:: To do ::
Restate word for word the lines below from the one that has "Photo from Warren" through the one that has "6、关口BOSS变白痴法!!", keeping both and dropping all pictures.

:: Material shown ::
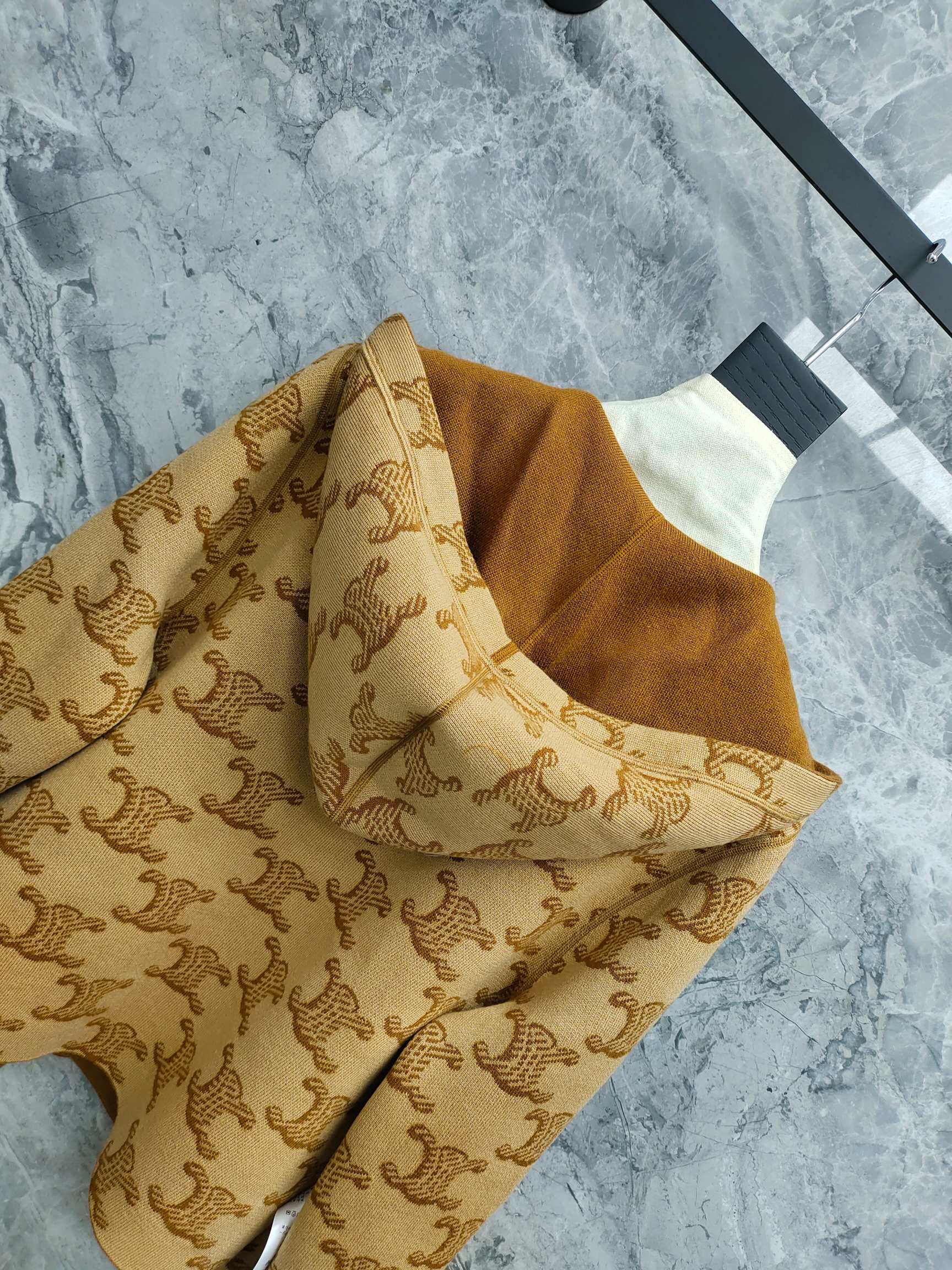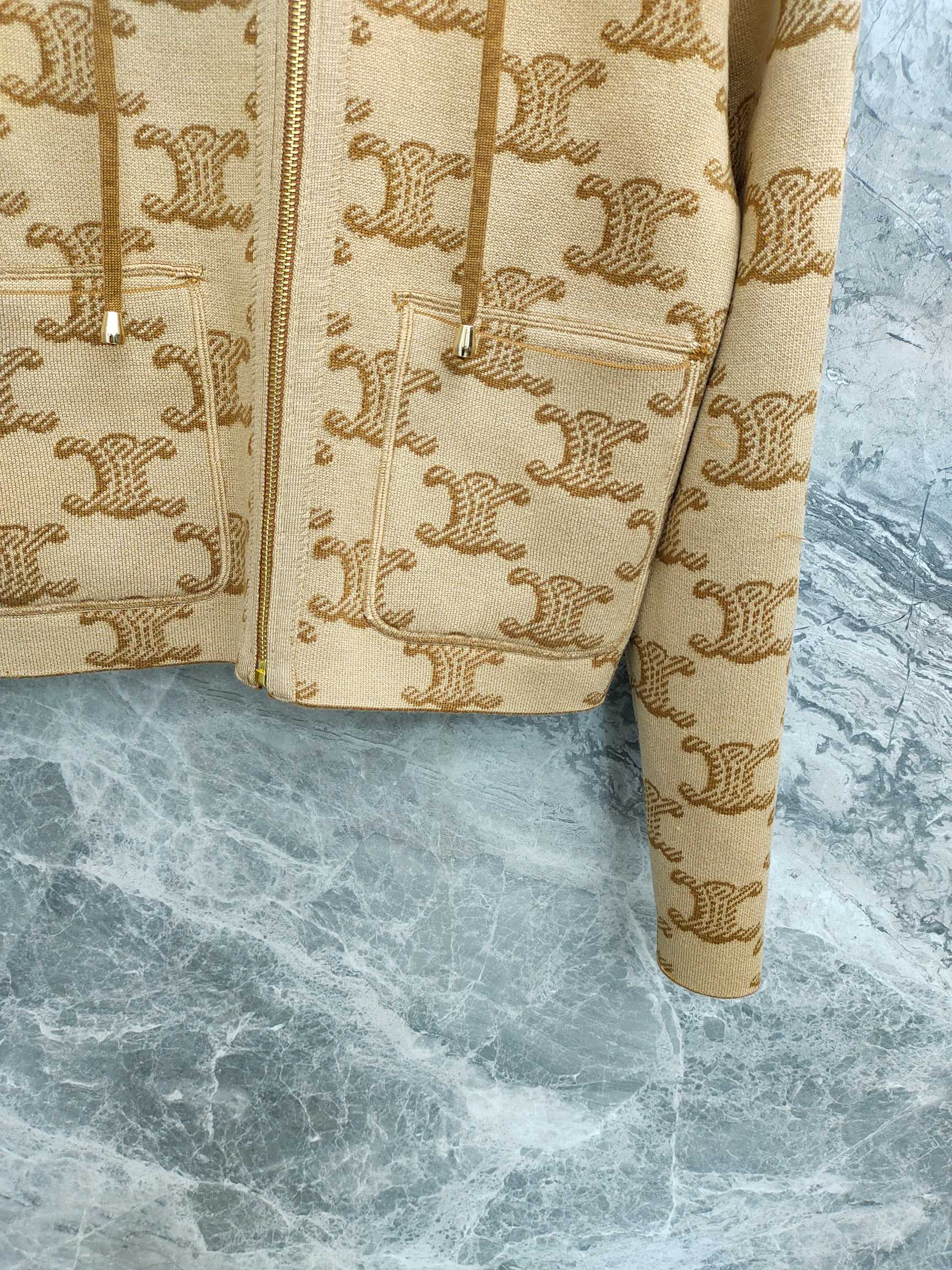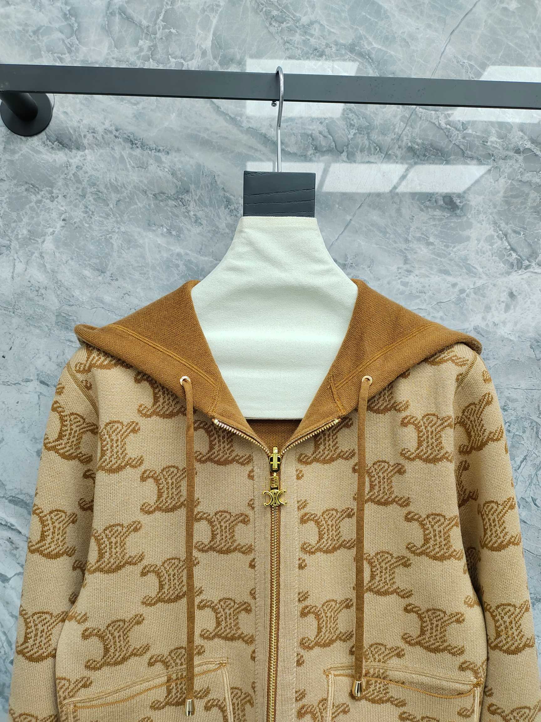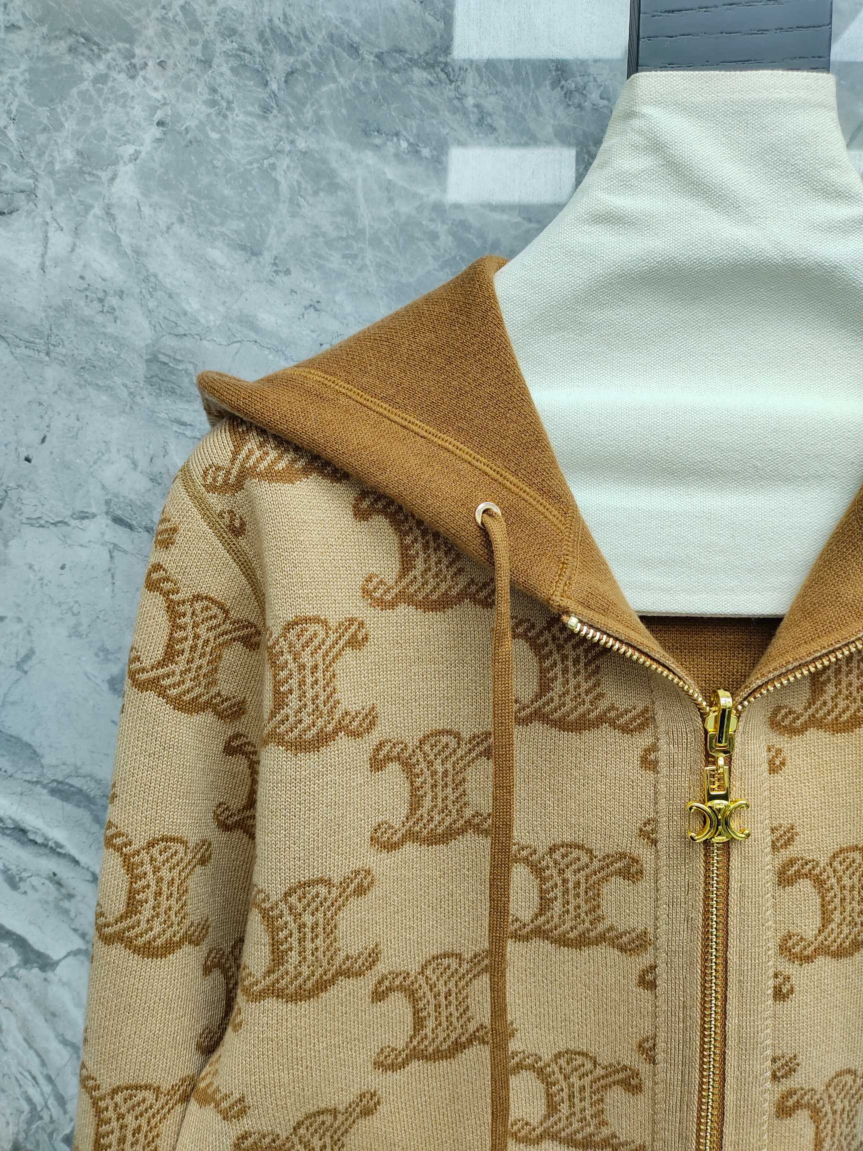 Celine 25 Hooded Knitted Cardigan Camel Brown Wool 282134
==
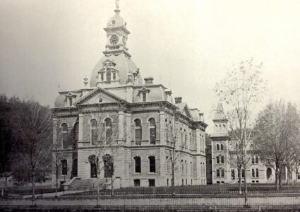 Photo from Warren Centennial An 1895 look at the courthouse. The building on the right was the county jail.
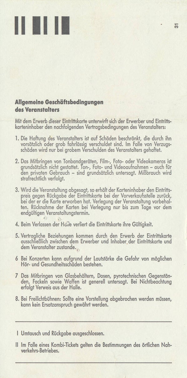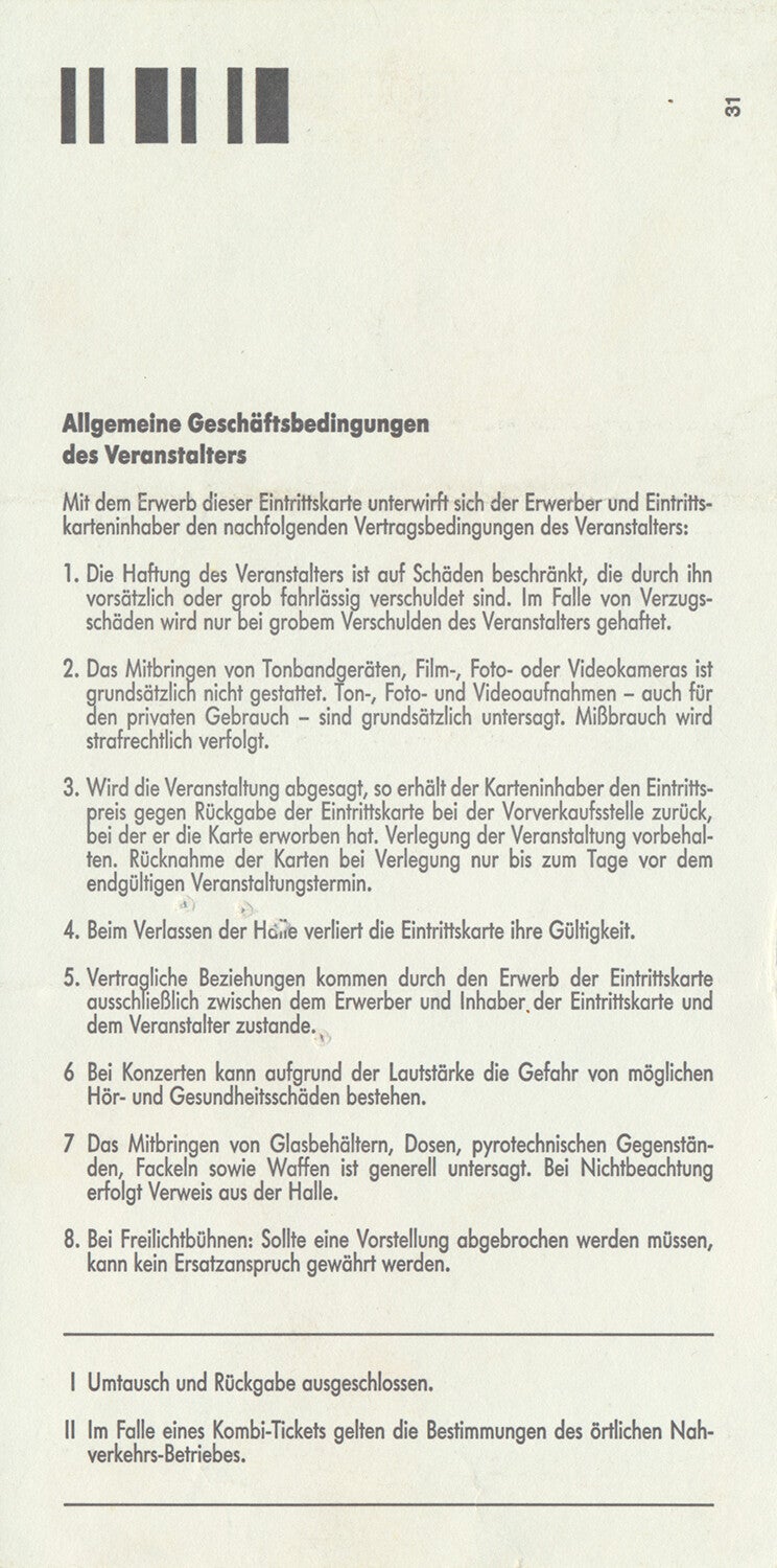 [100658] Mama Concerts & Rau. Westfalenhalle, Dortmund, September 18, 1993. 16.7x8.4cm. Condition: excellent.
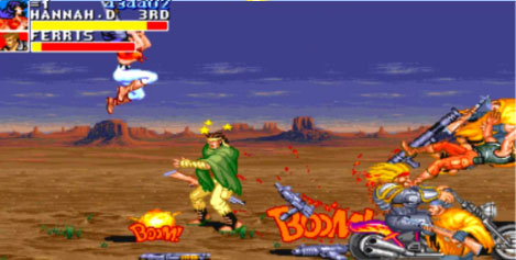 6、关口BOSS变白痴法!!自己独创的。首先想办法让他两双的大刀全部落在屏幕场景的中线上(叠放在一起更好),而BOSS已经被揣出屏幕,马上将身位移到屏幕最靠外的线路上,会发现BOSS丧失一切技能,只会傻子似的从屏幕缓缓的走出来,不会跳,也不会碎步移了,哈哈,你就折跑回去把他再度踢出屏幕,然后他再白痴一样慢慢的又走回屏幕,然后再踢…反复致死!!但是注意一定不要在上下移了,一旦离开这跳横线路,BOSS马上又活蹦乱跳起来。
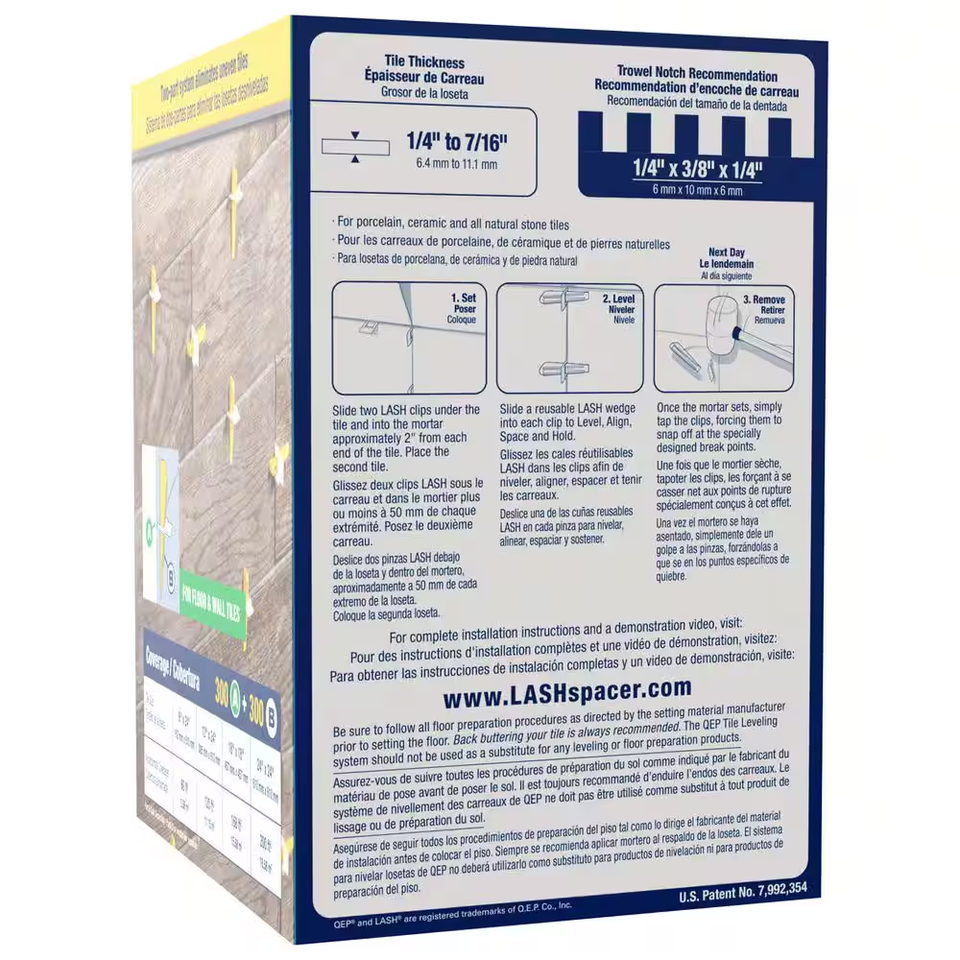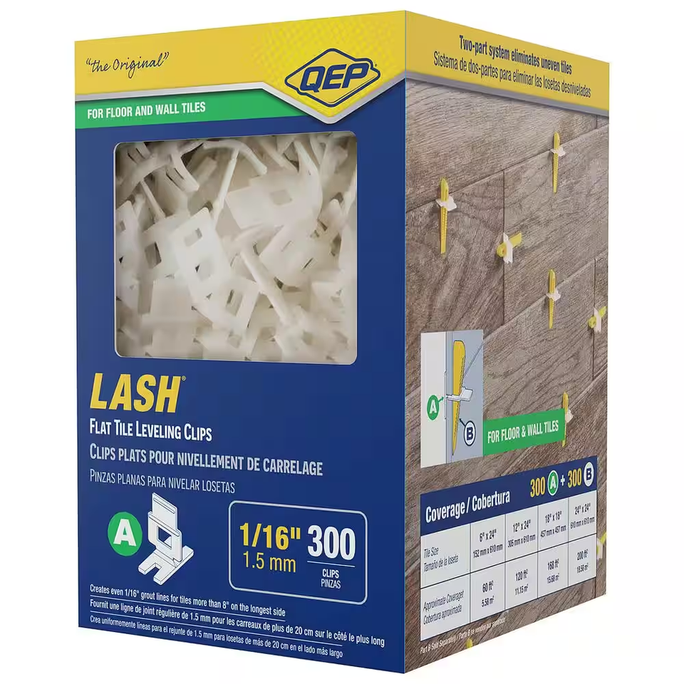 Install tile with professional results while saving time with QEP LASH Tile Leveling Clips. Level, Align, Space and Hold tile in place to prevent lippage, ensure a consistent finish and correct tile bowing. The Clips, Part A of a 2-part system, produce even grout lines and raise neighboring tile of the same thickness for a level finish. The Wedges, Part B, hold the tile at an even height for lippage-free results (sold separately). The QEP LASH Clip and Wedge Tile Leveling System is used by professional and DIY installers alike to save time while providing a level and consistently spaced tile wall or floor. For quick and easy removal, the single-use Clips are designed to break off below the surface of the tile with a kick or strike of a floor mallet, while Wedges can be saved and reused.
---
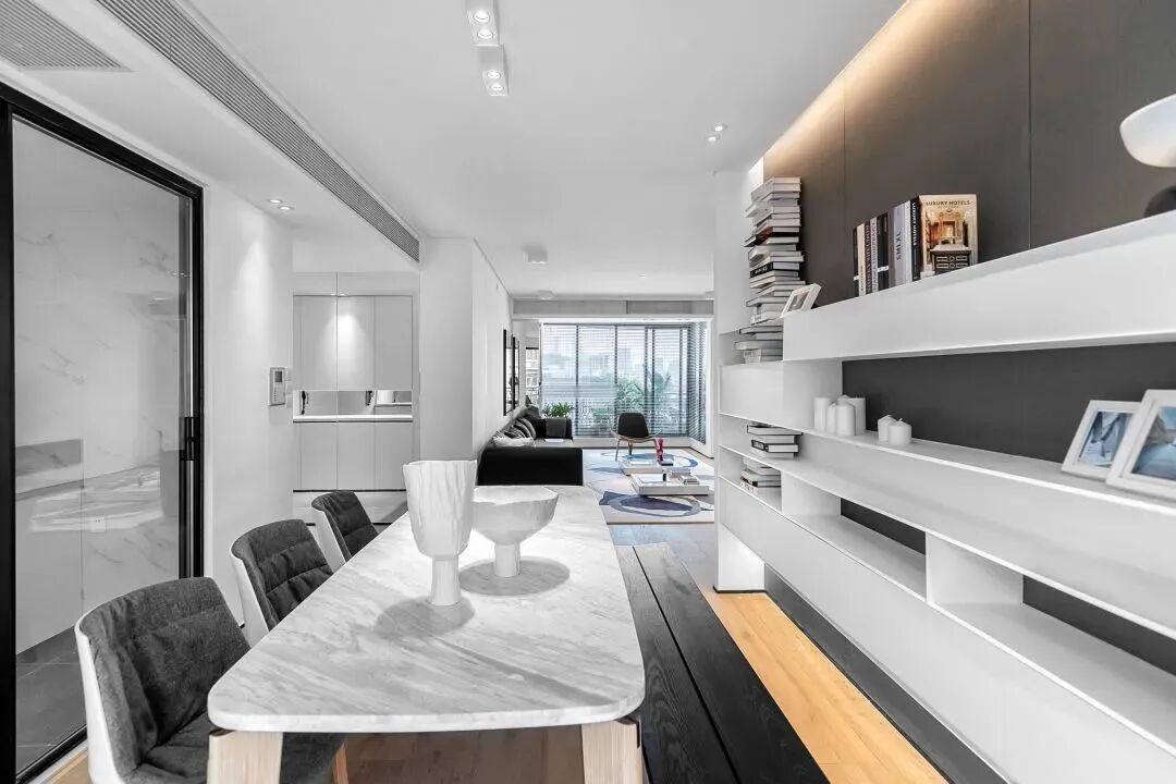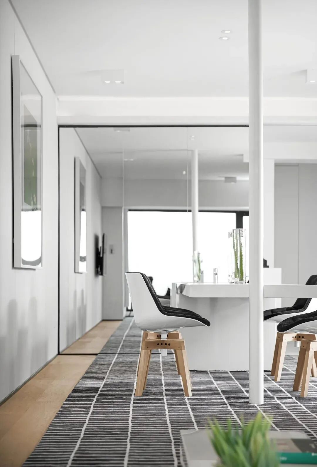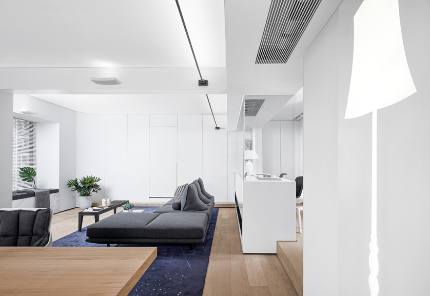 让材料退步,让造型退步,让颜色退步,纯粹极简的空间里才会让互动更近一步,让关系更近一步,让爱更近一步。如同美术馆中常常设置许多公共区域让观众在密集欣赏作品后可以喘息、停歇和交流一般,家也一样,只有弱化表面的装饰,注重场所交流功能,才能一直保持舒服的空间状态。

:: Result below ::
 Photo from Warren Centennial An 1895 look at the courthouse. The building on the right was the county jail.
 [100658] Mama Concerts & Rau. Westfalenhalle, Dortmund, September 18, 1993. 16.7x8.4cm. Condition: excellent.
 6、关口BOSS变白痴法!!自己独创的。首先想办法让他两双的大刀全部落在屏幕场景的中线上(叠放在一起更好),而BOSS已经被揣出屏幕,马上将身位移到屏幕最靠外的线路上,会发现BOSS丧失一切技能,只会傻子似的从屏幕缓缓的走出来,不会跳,也不会碎步移了,哈哈,你就折跑回去把他再度踢出屏幕,然后他再白痴一样慢慢的又走回屏幕,然后再踢…反复致死!!但是注意一定不要在上下移了,一旦离开这跳横线路,BOSS马上又活蹦乱跳起来。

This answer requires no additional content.